Exercise prompt -> Once the images are set aside, print the remaining lines below exactly.

[[ Material provided, beginning ]]

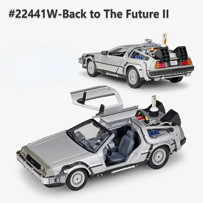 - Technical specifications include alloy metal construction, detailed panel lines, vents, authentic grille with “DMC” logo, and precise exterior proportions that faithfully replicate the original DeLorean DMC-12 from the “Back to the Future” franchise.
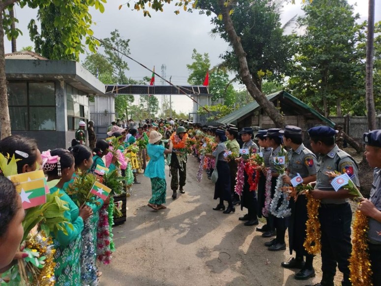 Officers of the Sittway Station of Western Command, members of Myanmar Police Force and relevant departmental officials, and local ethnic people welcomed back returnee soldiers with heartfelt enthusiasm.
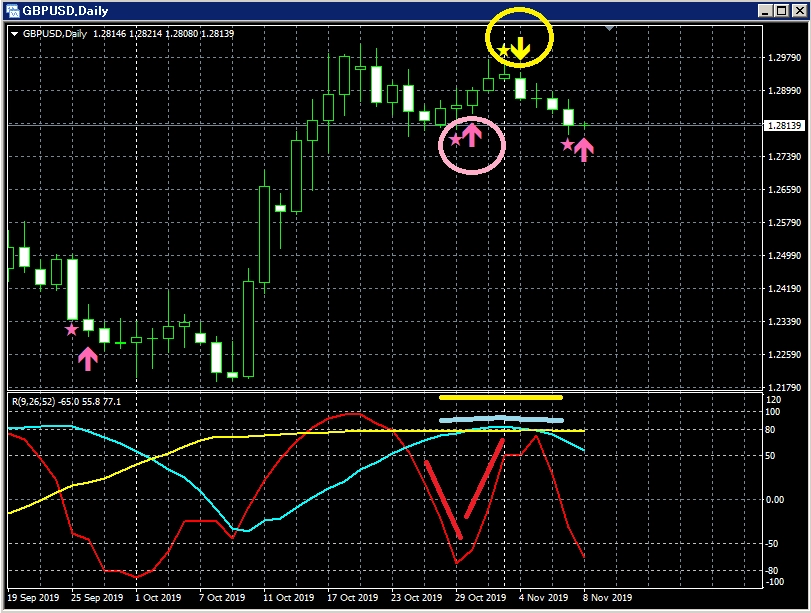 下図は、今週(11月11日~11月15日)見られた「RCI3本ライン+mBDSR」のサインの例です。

[[ Material provided, end ]]

Task solution ->
 - Technical specifications include alloy metal construction, detailed panel lines, vents, authentic grille with “DMC” logo, and precise exterior proportions that faithfully replicate the original DeLorean DMC-12 from the “Back to the Future” franchise.
 Officers of the Sittway Station of Western Command, members of Myanmar Police Force and relevant departmental officials, and local ethnic people welcomed back returnee soldiers with heartfelt enthusiasm.
 下図は、今週(11月11日~11月15日)見られた「RCI3本ライン+mBDSR」のサインの例です。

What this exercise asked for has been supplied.